Multiple Uses for Newspaper Pages

A few summers back, I was standing on a neighbor’s front lawn with a few friends, enjoying the host’s outdoor party.

At one point, one of the neighborhood kids walked up to me and said, “There’s an old man sitting on your front lawn.”

My house was about five or six doors down, and when I squinted I could barely make out the person to whom she was referring. I said, “Wow, you must really have good eyesight to know that’s an old man sitting there. All I can tell is that it’s someone reading a newspaper.”

She then replied, “That’s how I know he’s old. I can’t see his face, but if he’s reading a newspaper, he must be an old man.”

Ouch. That really hurt. I still read newspapers, and to be honest, I have been around the block a few times. But up until that moment, I had never really associated reading newspapers with being an old man.

I realize there are plenty of other ways to acquire your news these days, but one of the things I like about newspapers is that you can get so many other uses out of them once you’re finished reading them.

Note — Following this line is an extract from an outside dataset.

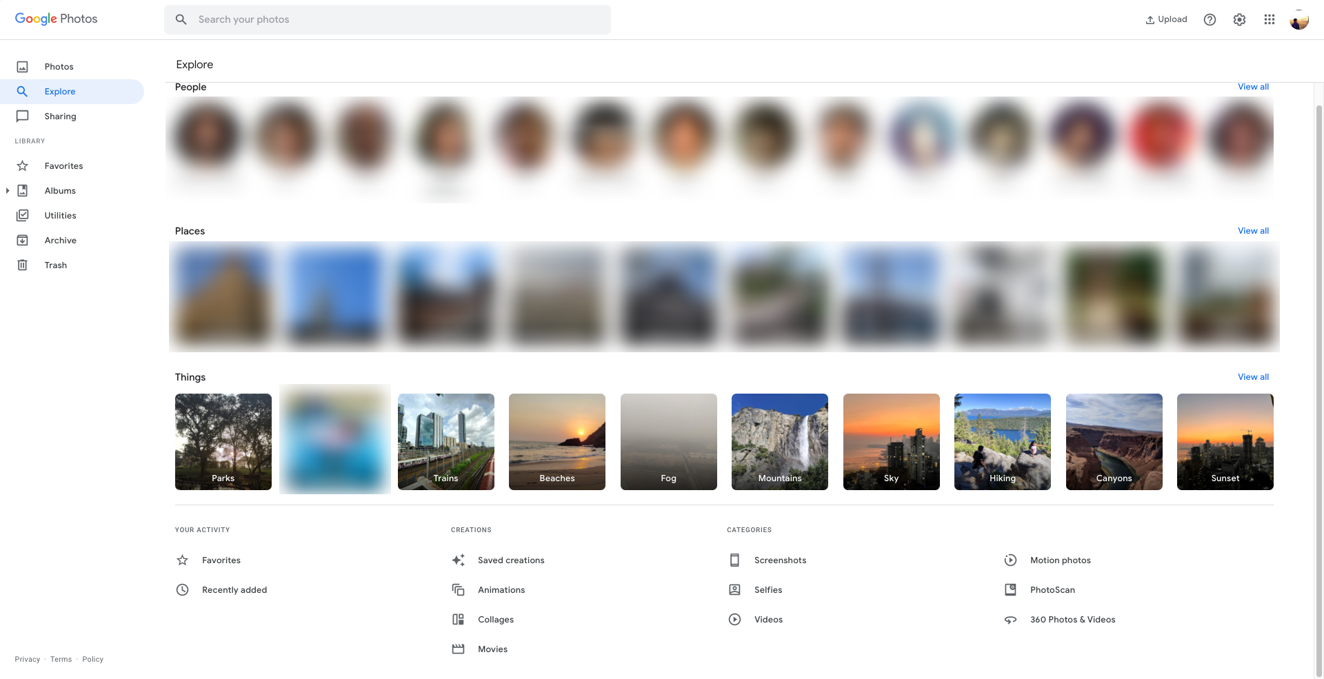 В десктопном интерфейсе Google Фото появилось две новые вкладки, знакомые пользователям мобильных приложений для Android и iOS. Это вкладки Explore и Favorites. Explore является аналогом Поиска в мобильном приложении и предлагает несколько подборок по категориям: люди, места. вещи, скриншоты и видео.

Here are seven you might want to consider:

  • Packing fragile items. Newspaper pages are great for wrapping dishware and other breakables prior to storage or moving.
  • Removing smudges. It seems strange to use something for cleaning that leaves ink on your hands, but it really does work on cleaning glass such as mirrors and windows.
  • Drying shoe and boot bottoms. When you enter your home with wet shoes or boots, remove them and place them on newspapers, which will absorb the moisture.
  • Ripen tomatoes. Wrap each tomato individually in newspaper and leave them on a counter, where they will ripen nicely.
  • Deodorize containers. Wad up a newspaper page or two and place it in a sealed food container overnight.
  • Dry the vegetable crisper. Refrigerator draws can collect moisture and start to smell, but lining them with newspaper can solve the problem.
  • Add to the compost pile. Newspapers make for good composting material, but don’t just toss them in the pile. Shred them first so that oxygen can flow through better.